Masaryk University operates the most advanced AI computing system

29. 5. 2023

Masaryk University has become a pioneer in artificial intelligence (AI) and computing technology by installing the latest and most advanced NVIDIA DGX H100 system. It is the first solution of its kind in the region, bringing extreme computing power and innovative research capabilities.

Who uses the DGX H100 system

CERIT-SC at Masaryk University and their newly installed NVIDIA DGX H100 system open the door to close collaboration with scientists from all over the region through e-INFRA CZ. This prestigious network brings together leading research centres and institutions from the Czech Republic that focus on advanced computing technologies and research in the field of artificial intelligence. We have been involved in the e-INFRA CZ project with previous infrastructure deliveries, more here.

CERIT-SC is part of the national e-infrastructure, which is a complex system of interconnected network, computing and storage capacities and related services for the research community in the Czech Republic.
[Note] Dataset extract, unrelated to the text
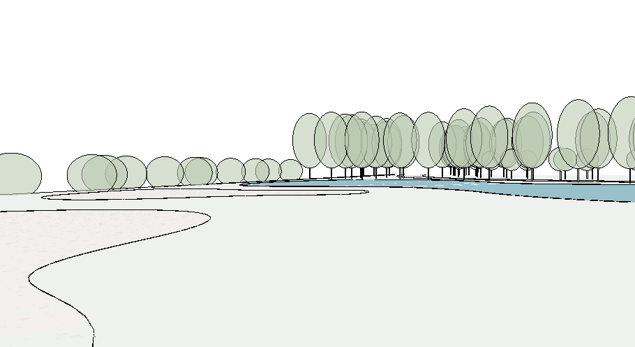 create a picturesque architectural render of a lakeside leisure site in the foreground on the left is a watersports pavilion there are people on the lake paddle boarding there is decking and a jetty at the side of the lake with people preparing to get in the water in the background is a curved leisure building clad in timber with light wood tones next to to the leisure building is a children s splash park with water features and to the right of the image is a large beige teepee balance the image with soft landscaping with colourful planting and natural lighting low level shrubs line the background with some trees and behind the trees in the far distance on the right are some holiday lodges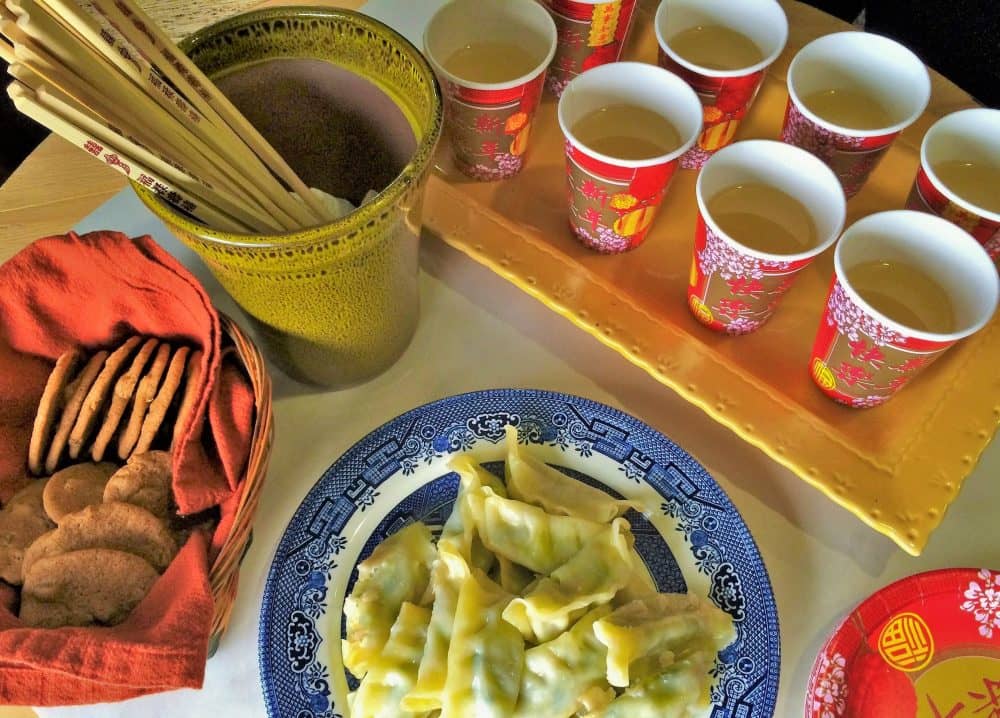 For a (non-scaly) bite of Dragonwings, we recreated the beach picnic shared by Moon Shadow, Windrider, Robin, and Miss Whitlaw. Gingersnaps, hot tea, and steamed dumplings gave us a delicious taste of this cross-cultural scene. We served the dumplings with chopsticks, and pretended we had purchased them in the Tang people’s town that morning. For our tea, we chose the jasmine tea that Moon Shadow had brought to Miss Whitlaw:

CERIT-SC complements the other two components of the national e-infrastructure – the CESNET association and the IT4Innovations supercomputer centre.

Scientists connected to e-INFRA CZ will have access to NVIDIA DGX H100 resources at Masaryk University and will be able to use its computing capacity for their projects. This collaboration will provide an environment for innovative research and development in AI and accelerate progress in areas such as machine learning, big data analytics and AI application development.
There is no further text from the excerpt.